Like Teenagers

by
This can't happen...

Awkward, like teenagers, we spoke it out loud. We said, in words, what we both knew, both hoped, both feared might be true. We blushed (“And so we should,” you said) and I covered my cheeks with my hands, abashed. We stumbled over words, sort of stuttered, and tried out different ways to say it. I don’t know which one of us spoke first, or how many times we each started a sentence and then abandoned it when it began to sound corny or clichéd. Like teenagers, finding our ground, unsure of ourselves and each other. We were scared of saying it wrong, of saying too much, and flinching from the possibilities of rejection and humiliation. Both of us old enough to be out of practice, both comfortably wrapped in long marriages. Both still comfortably, happily married.

This can’t happen.

(“Nope,” we said. “It’s never going to happen.”) We both needed to understand that fact, to convince ourselves of that fact, now that we had told each other the truth. That made it easier to palette this uncomfortable truth; this delicious, tingling, exciting, uncomfortable truth. We said it again and again (“It’s not happening, can’t happen…”), each secretly hoping the other would say otherwise.  Both so close to giving in.

But we had already fucked before we walked into that room. The glances and the smiles.  Eyes connecting across crowded rooms and not hearing the speakers, knowing only that moment.

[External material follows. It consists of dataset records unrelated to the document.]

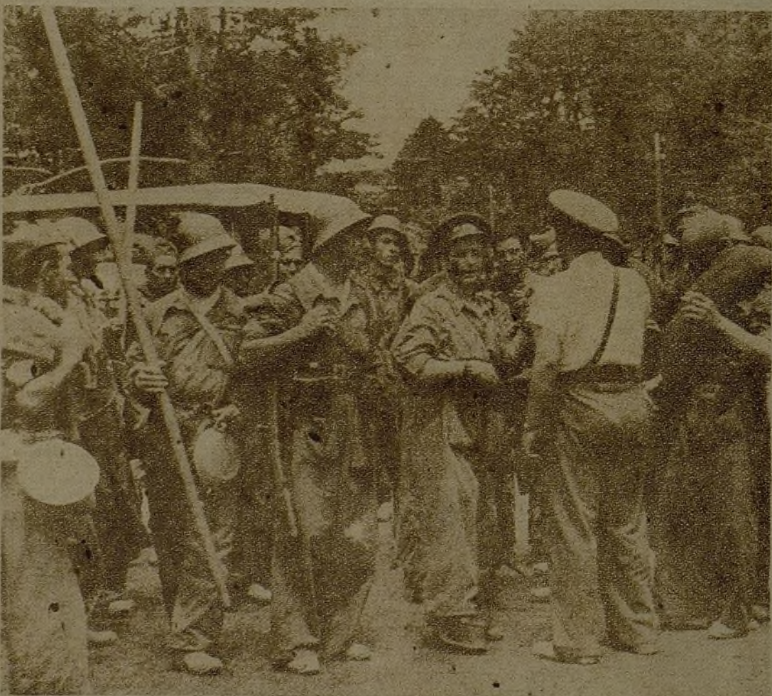
El comandante "El Campesino" felicita a los soldados que han tomado parte en los últimos combates
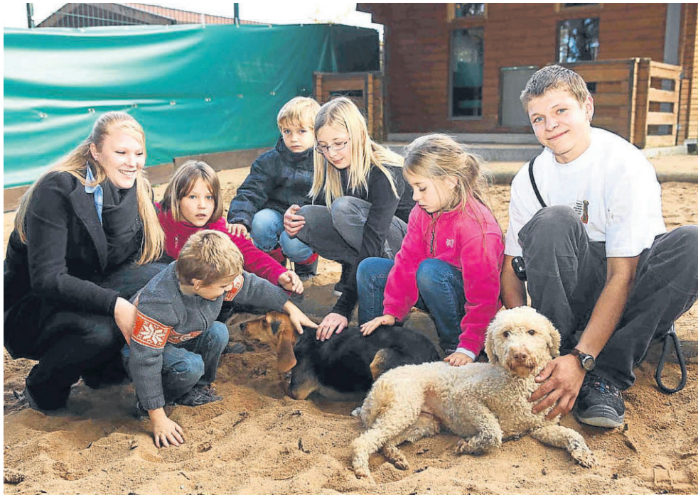
Nach kurzer Einweisung in die „Hundesprache“ durften die Kinder mit den Sonnenhof-Hunden ausgiebig spielen.
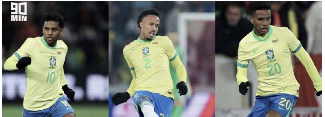
Lesão confirmada tira Rodrygo da Copa do Mundo de 2026, enquanto Éder Militão e Estêvão ainda são dúvidas

A Seleção Alemã lida com a ausência de Serge Gnabry, que apresentou
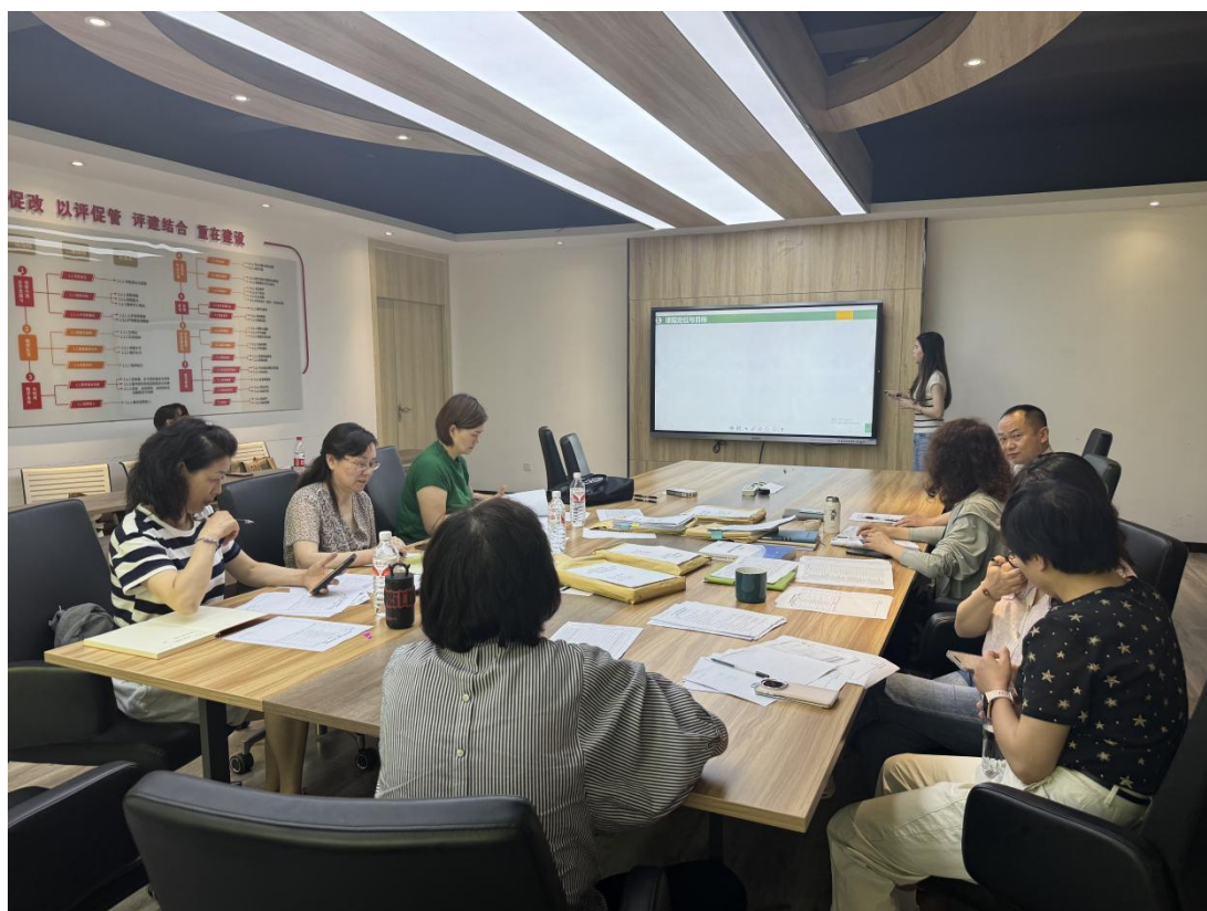
经济管理学院开新课课程评估汇报现场

来自信息科学与工程学院、机电与自动化学院、城市建设学院、经济管理学院、新闻与文法学院 18 名教师对所开新课进行了现场汇报，专业负责人到场聆听。评审组结
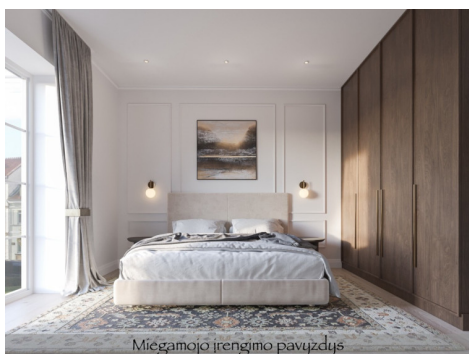
Miegamojo įrengimo pavyzdys

Both knowing what we wanted but never saying it. And we both knew this room, today, would not be crowded. Only us. Hearts racing, pulsing with the anticipation of being alone together for the first time. Both wanting to table the subject at our meeting yet both unsure if it was the right time, or the right place, or had we read it all wrong? Read each other wrong? Both thankful that we sat at either end of the boardroom table because, had we sat any closer… close enough to touch…

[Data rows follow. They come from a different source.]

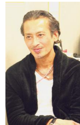
●ゲストインタビュー！ 大沢樹生 （俳優）

2012年、29歳で独立を果たしたので、約10年勤めさせていただきました。独立はゴールでありスタートと考えており、一緒に仕事をしようと言っていた仲間が30歳の節目を迎えたこと、そして東日本大震災を経験したことで独立への気持ちが強くなっていったんです。最初は友人と2人でスタートして、実際の現場には応援の人たちが入っていただきました。そこから徐々に人が増えて、2年で法人化を果たしました。お恥ずかしい話ですが、当時の私は考えが甘く、見切り発車で独立したので、最初は仕事がなくて苦労しました。そんな時、前
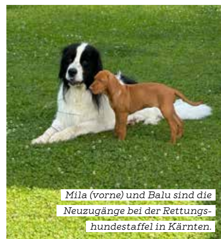
Mila (vorne) und Balu sind die Neuzugänge bei der Rettungshundestaffel in Kärnten.
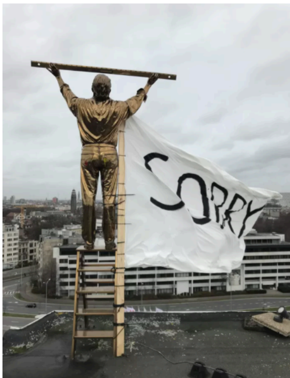
Bron: "Studenten Hangen Vlag Met 'Sorry' Aan Beeld Van Jan

Dat zijn dingen dat ik denk... Allez. Als kunstschool, als kunstinstituut, als deSingel een statement moet maken, dan haal je dat er af. 96
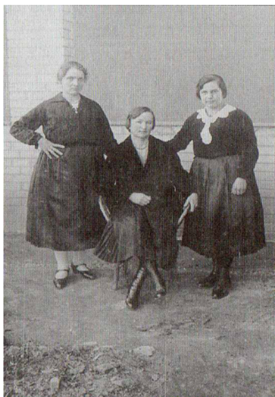
Lányok nagykéri népviseletben, 1930
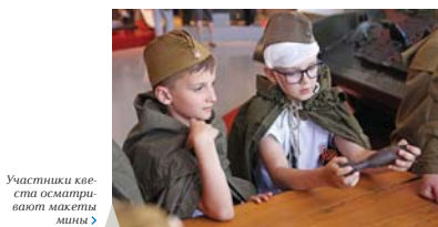
Участники квеста осматривают макеты мин
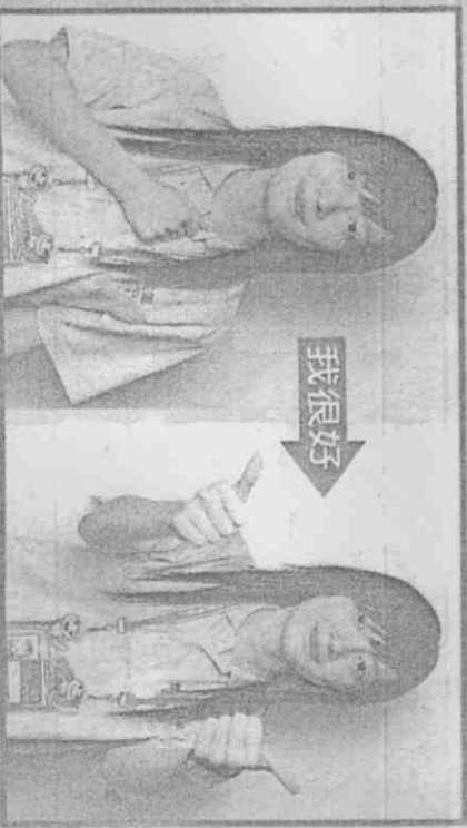
我，右手握拳放於胸；很好，雙手豎起大拇指往前伸。
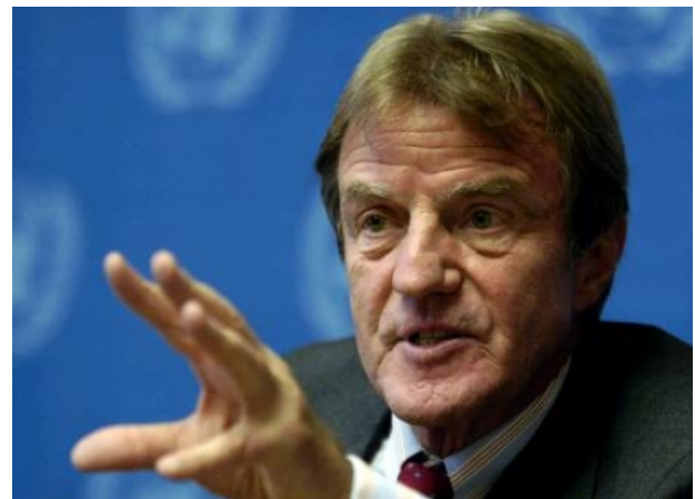
Шеф француске дипломатије Бернар Кушнер

Шеф француске дипломатије Бернар Кушнер оценио је данас у Паризу да постоји "мала шанса" да преговори о будућем статусу Косова и Метохије успеју, пренели су домаћи медији.
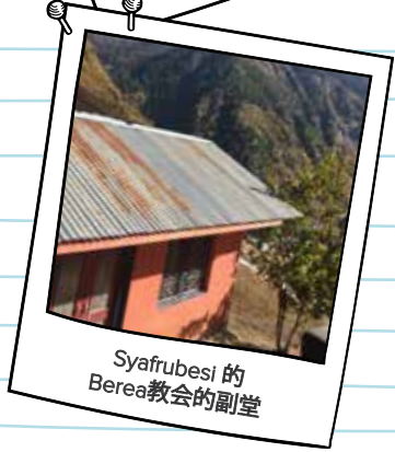
Syafrubesi 的 Berea教会的副堂

即使须经历弯曲凹凸的路程,得以有幸来此见证神在其中的美好作为,值得!求神继续坚固这个小小的教会,藉着教会的长老和众弟兄姐妹在这个山谷中,报佳音、传平安、报好信、传救恩,热忱地向当地的村民传扬说:“主耶和华是应当被称颂的”。奉主耶稣基督的名求,阿们! 🇳🇵
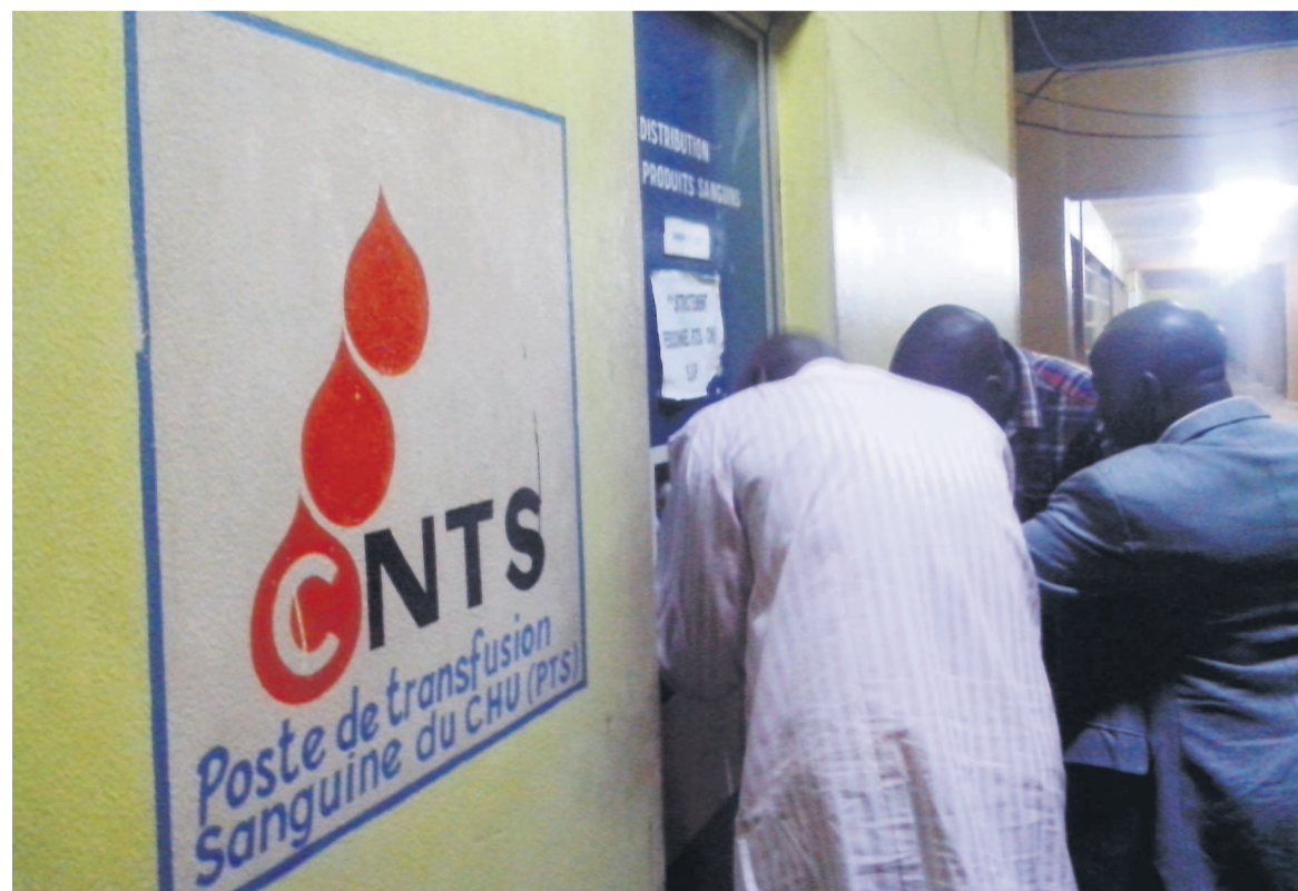
Les demandeurs de sang en attente
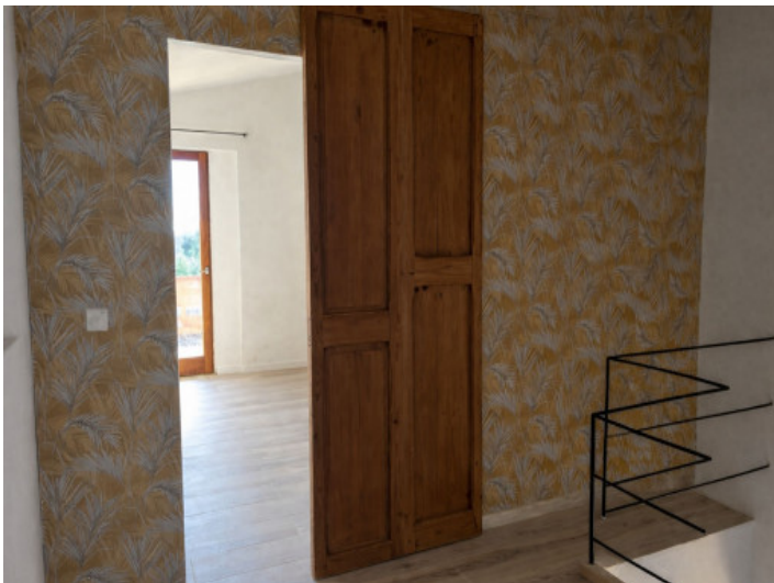
Tercer dormitorio en la planta superior con balcón privado
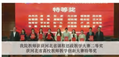
我院教师获河北省课程思政教学大赛二等奖 获河北省高校教师教学创新大赛特等奖

And we spoke. One of us wet, the other, hard; both of us hot yet shivering. We said the words out loud, in front of each other.  (“…And all this without alcohol to loosen the tongue!”) Resisting the urge to gush, to spill everything at once, to lay our thoughts out naked and betray our fantasies. Words… some of them wandering, lost, round the mind, others running about the room unsaid, some dancing on the lips, threatening to fall out of our mouths the wrong way round. Gasping for breath, and words choking out in bursts and, between the bursts, awkward silences. Silences that were filled with frightening, discomfiting, blissful expectation. (“I don’t know what to say,” you said. “You don’t have to say anything,” I said.) We were saying it anyway, silently fucking, from opposite ends of the room.

We have never touched one another. Both afraid of the shock, and of the aftershock. But now we have said it out loud. And now we both know, and now we are both sure, and reassured. Still awkward, yet serene: knowing what to do next, but not knowing how.

A clock, somewhere in the room – I don’t know exactly where, strikes the hour, breaking the silence, disturbing the peace. Reality calls. Our meeting has an Agenda, other than our own. There is work to be done. We must return to our worlds; the worlds that we long to escape yet never want to depart from. Different worlds. We both silently acknowledge the truth of what is right and what is wrong and what is not ours.

But now that we have spoken it — said it out loud — we both know it will only be a matter of time.